The MQ-9 Reaper drone was great when the enemy didn’t have anti-air capabilities, but when they do, the slow, loud, and radar-visible drone is easily shot down.
The A-10 can do one thing really well–blowing up stuff on the ground. But, it can’t do much else, and is only brought in after the most threatening air-to-air threats are destroyed or suppressed. The military would prefer to have more general and advanced craft than one with such a narrow use. Congress has kept it alive because it is popular and gives their constituents jobs. A major advantage of the A-10 is its cheaper to fire.
The Air Force has a doctrine where it should spread out planes and move which bases they fly from so it’s harder to take them out. The US apparently wasn’t practicing that doctrine, and is paying for it.

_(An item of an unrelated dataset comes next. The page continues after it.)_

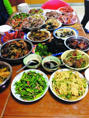 随着气温重新调回“冬季模式”,春节长假也结束了。都说“每逢佳节胖三斤”,全都是因为长假在家吃、吃、吃。排骨、猪蹄子、大虾、饺子……从除夕开始,微信朋友圈里便掀起了年夜饭图片展,因为拍照能力不同、修图能力不同,年夜饭也呈现出同菜不同样的多样性。有的看一眼就能与对象分手、有的看上去就算减肥期也要吃上一口。其实,年夜饭吃啥无所谓,主要看是跟谁吃。14日,市民于女士告诉记者,她家三口人的年夜饭是与其他三家邻居一起吃的。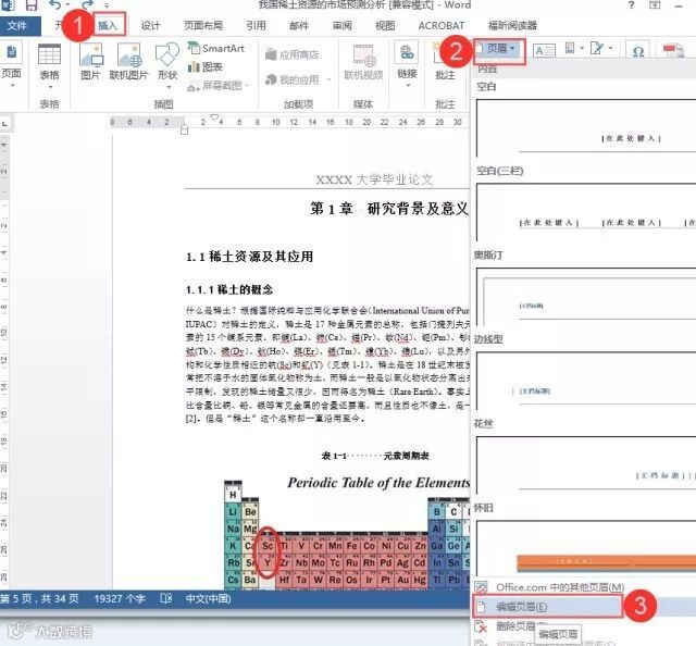 页眉页脚的设置。一般要求毕业论文的奇偶页使用不同的页眉和页脚,如页眉的奇数页为章节的题目,偶数页为论文的题目。以设置页眉为例,在菜单栏中依次单击“插入/ 页眉/ 编辑页眉”。

It is more expensive to move maintenance teams around or have different teams available at multiple bases.
US loss multiple planes in Iranian strike in Saudi Arabia, likely with help from Russian intelligence. The US did not learn or implement the lessons from Ukraine regarding drones and protecting planes on the ground. The US looks like Russia losing expensive aircraft on the ground. The US is losing planes, people, radars, and facilities, and so far has gotten nothing from Iran. Iran shows no sign of giving in, and if they don’t, then the US lost expensive equipment, munitions, and lives for little gain. The US is showing that it is not ready for the new change in warfare.